I wanted to post some results from using Bayesian optimization for ranking system weights. So far my conclusion is that I am missing something major, or optimizing ranking system weights has no consistent benefit for future performance of a system compared to say an equal weighted system.
Here is a plot of Bayesian optimized median rolling alpha vs equal weighted median rolling alpha for both the training and validation set for a flattened Small and Micro Focus ranking system on 100 stocks. I apologize for the difference in the groupings as training is a 10 year period and validation is a 1 year period, so you get more spread on the 1 year period. However, you can see that the training equal weights vs optimized weights has around an 8% increase in alpha while the validation set has essentially no improvement in alpha (the median improvement is -2% in fact…)
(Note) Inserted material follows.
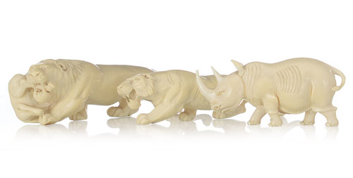 Lot 472 | AVORIO TRE SCULTURE IN AVORIO, INIZIO XX SECOLO, raffiguranti un leone con...
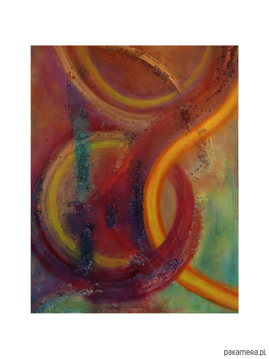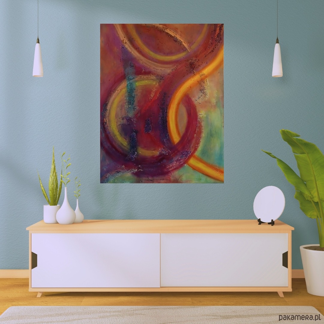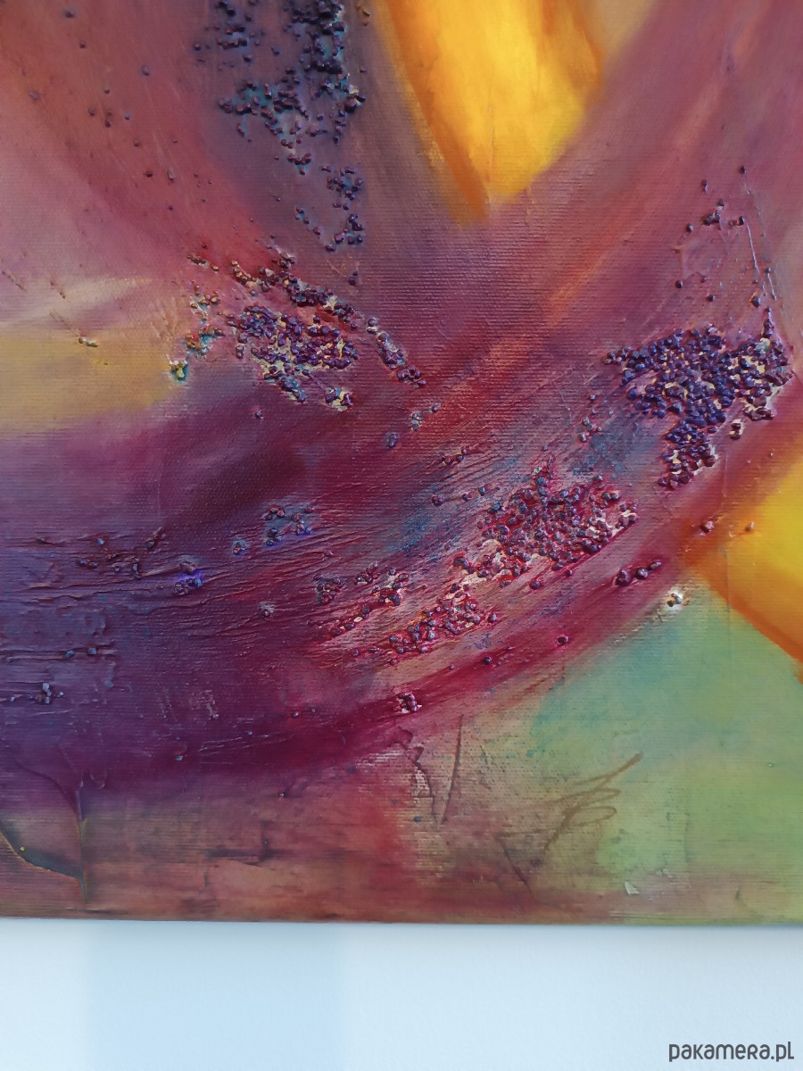 Obraz malowany pastami strukturalnymi i farbami akrylowymi, pięknie odbija światło dzięki metalicznym kolorom. W zależności od kąta jego padania, będzie przybierał mniej lub bardziej intensywne odcienie. Ożywi każde, nawet ciemne wnętrze.

While this result does not make me think there is no point in optimizing it just makes me think it is not worthwhile for this ranking system. Also I am starting to get into no-longer having a true test set due to the number of variations I ran, so further testing is starting to become meaningless for this ranking system at least.
Here is some more info for those curious:
Universe:
- FRank(“MktCap”) < 75 and FRank(“MktCap”) > 2
- !IsMLP & !IsOTC & !IsUnlisted & !GICS(FINANC)
- price, volume, and spread limits, but fairly normal
The performance results are from something like a screen, except:
- Run on 1 year validation data sets (30 total train/validate sets with overlap…)
- Variable slippage calc using the close price spread and last weeks volume with a $10k position and 100 stocks
- alpha is relative to the actual universe instead of a benchmark
- alpha is calculated as the median of a rolling 12 week return and then annualized
The Bayesian optimization is:
- For each training period optimization is run 3 times on a 10 year training data set and the weights are averaged. I tried without averaging, but the result is similar, just with more variation.
- Each optimization has 100 random runs and 10 optimization runs. I limit the optimization runs they significantly increase the run time, and I ran the optimization 90 times to get the above plot. So for the sake of time I wanted to limit things… Also when I have tried other random and optimization runs I get similar training and validation performance results.
Note that I have tried longer and shorter training periods, shorter validation periods, varied numbers of optimization runs, and beta instead of alpha as the optimization target among a few others. So far I was able to improve validation test results, but not test results (note I have train data, then validation data, then test data).
I am currently running the same process on a ranking system similar to the core combination, but I expect similar results.